Background: The T-cell spot test for tuberculosis (T-SPOT.TB) with false positives and false negatives exists in the diagnosis of spinal infection. The objective of this study was to increase the diagnostic value precision and specificity of T-SPOT.TB in the identification of spinal tuberculosis (TB). Patients and Methods: Fifty-two patients suspected of having spinal TB from April 2020 to December 2021 were included, and all patients received T-SPOT.TB tests and surgical treatment.
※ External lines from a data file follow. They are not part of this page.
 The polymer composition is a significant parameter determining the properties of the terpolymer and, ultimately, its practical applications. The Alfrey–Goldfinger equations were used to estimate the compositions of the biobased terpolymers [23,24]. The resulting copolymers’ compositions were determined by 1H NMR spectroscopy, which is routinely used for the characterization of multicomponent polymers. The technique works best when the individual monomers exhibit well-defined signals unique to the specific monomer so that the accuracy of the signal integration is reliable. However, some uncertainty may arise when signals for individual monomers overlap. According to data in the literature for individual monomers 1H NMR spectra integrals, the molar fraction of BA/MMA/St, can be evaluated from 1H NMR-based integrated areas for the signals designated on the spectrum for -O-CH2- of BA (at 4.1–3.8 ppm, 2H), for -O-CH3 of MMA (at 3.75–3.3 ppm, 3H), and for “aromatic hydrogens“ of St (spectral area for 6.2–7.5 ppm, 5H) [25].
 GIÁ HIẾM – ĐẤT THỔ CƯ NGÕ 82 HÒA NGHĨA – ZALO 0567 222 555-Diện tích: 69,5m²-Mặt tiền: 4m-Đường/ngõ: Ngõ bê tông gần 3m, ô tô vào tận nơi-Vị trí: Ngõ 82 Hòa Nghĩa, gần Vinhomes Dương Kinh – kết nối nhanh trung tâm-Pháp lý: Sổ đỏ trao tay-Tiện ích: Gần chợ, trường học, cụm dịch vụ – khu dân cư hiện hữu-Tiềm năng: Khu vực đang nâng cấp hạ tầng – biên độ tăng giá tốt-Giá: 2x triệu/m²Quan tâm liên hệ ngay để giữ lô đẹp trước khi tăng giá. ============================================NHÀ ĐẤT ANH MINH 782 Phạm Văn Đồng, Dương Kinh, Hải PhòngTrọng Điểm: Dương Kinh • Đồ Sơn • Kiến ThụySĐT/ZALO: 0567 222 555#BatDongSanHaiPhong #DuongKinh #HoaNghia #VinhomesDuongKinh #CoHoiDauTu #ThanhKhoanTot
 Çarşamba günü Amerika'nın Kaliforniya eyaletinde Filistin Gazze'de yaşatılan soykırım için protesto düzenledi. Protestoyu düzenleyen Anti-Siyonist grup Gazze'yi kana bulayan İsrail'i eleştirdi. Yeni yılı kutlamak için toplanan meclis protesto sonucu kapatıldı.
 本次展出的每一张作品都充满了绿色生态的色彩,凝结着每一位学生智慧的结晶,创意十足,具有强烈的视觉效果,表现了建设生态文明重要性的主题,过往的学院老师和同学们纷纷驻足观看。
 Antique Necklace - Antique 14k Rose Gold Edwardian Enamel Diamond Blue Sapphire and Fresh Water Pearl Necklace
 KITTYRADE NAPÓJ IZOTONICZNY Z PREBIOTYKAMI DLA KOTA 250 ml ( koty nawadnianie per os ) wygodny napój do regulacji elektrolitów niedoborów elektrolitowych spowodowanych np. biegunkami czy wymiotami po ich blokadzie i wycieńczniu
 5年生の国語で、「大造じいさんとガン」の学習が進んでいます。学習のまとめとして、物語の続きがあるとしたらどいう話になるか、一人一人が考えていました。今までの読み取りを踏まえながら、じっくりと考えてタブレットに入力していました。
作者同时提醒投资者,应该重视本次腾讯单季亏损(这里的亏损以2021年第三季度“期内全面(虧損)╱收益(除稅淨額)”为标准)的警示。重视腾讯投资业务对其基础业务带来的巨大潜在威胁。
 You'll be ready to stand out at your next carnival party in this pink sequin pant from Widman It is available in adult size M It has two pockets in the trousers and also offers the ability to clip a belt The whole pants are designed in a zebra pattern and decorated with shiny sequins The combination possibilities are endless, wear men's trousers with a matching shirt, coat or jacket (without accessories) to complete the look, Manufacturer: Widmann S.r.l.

The composite reference standard was used to diagnose spinal TB. The T-SPOT.TB values were compared according to whether spinal TB was diagnosed, and the optimal cutoff values of diagnosis was determined by receiver operating characteristic (ROC) curve analysis. Results: All patients were followed up for at least one year. The sensitivity, specificity, positive predictive value, and negative predictive value of the T-SPOT.TB test in assisting the diagnosis of spinal TB were 91.67%, 71.43%, 73.33%, and 90.9%, respectively. We determined that the values of early secreted antigen target 6 (ESAT-6) antigen and culture filter protein 10 (CFP-10) antigen were determined to be diagnostic for spinal tuberculosis, with areas under the curve equal to 0.776 and 0.852, respectively; the cutoff values for the diagnosis of ESAT-6 antigen and CFP-10 antigen were calculated as 40.5 spot forming cells (SFCs) per 106 peripheral blood mononuclear cells (PBMCs) and 26.5 SFCs/106 PBMCs, respectively. Follow-up for all patients was 12 months, and in this period, C-reactive protein (CRP), erythrocyte sedimentation rate (ESR), visual analog scale (VAS) score, and Oswestry Dysfunction Index (ODI%) were different between groups (p < 0.05). Conclusions: The T-SPOT.TB test is considered a milestone discovery in the diagnosis of TB; there are still many false-positive samples, but the diagnostic specificity was improved in the study, allowing spinal infections to be treated accurately and in a timely manner.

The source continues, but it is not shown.